To use the Hands Free system, users tell the cashier, "I'll pay with Google," and the cashier confirms the payment through a photo of the customer displayed on the register screen.

The Hands Free app made its debut in March as a feature separate from Android Pay or Google Wallet. The app works on Android and iOS devices, using Bluetooth Low Energy, WiFi, location settings and other sensors on the consumer's phone to detect whether someone is near a participating store.

The cloud-based technology allows the consumer to complete a hands-free payment without presenting a phone or opening the Hands Free app, which is linked to a payment card. A user initially setting up the Hands Free app provides a selfie and initials as part of the authorization process.

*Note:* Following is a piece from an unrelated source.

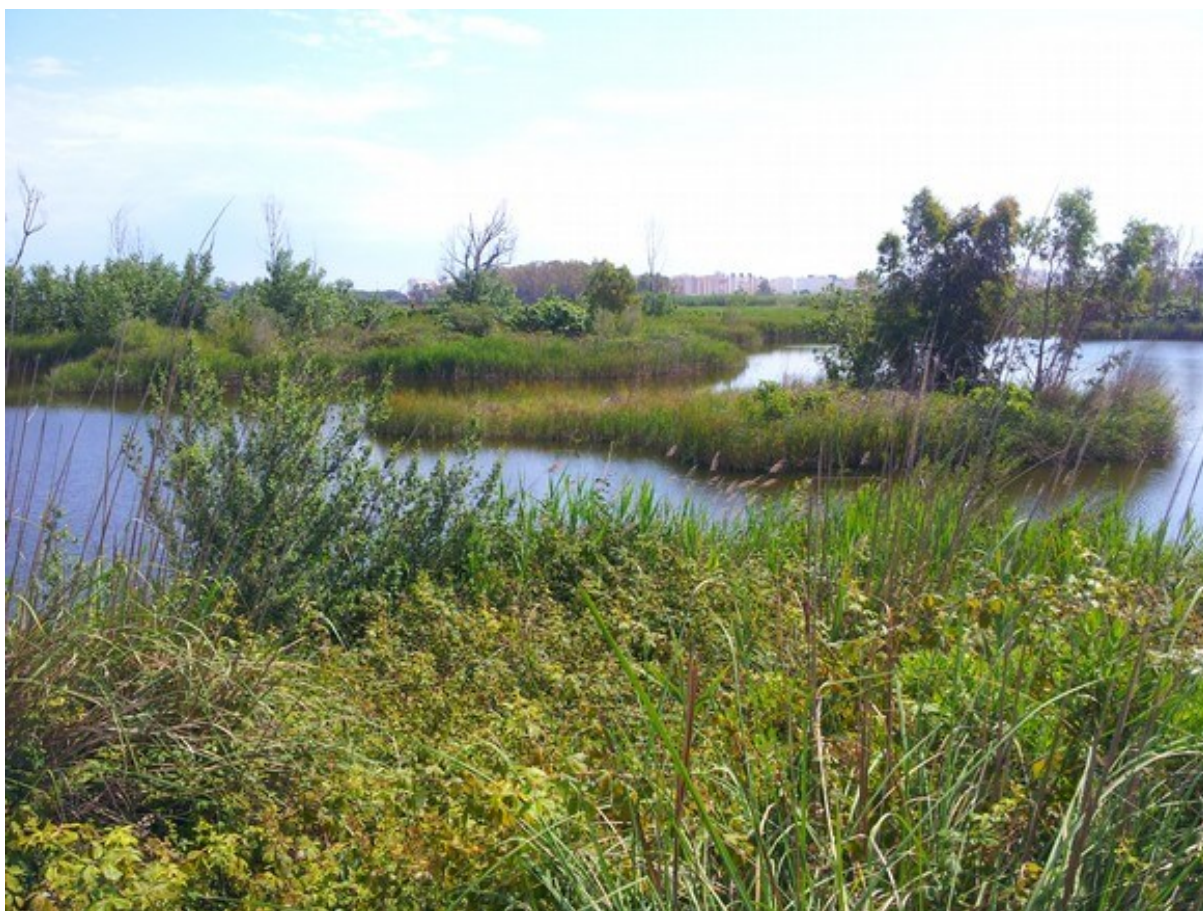
Vista de la microrreserva con el aspecto tras las obras de remodelación, en la que se aprecian las lagunas que constituyen el hábitat 7210.

When launching Hands Free in the South Bay region of San Francisco, the company indicated it would test the product at some McDonald's, Papa John's and local restaurants.

McDonald's was one of the first quick-serve franchises to experiment with mobile payments, establishing the sector as a natural landscape for adoption of newer payment technologies to streamline the ordering process.

Its first venture into mobile payments came with the now-defunct Softcard mobile wallet, accepting that payment form in its stores in Salt Lake City and Austin, where beta testing was taking place three years ago for the product, then known as the Isis Wallet.

The premise of a consumer making a payment and authorizing through a photo has garnered some attention in the payments industry.

PayPal and Square dabbled with the notion years ago, and MasterCard most recently began supporting a "Selfie Pay" option as an enhancement to 3D Secure.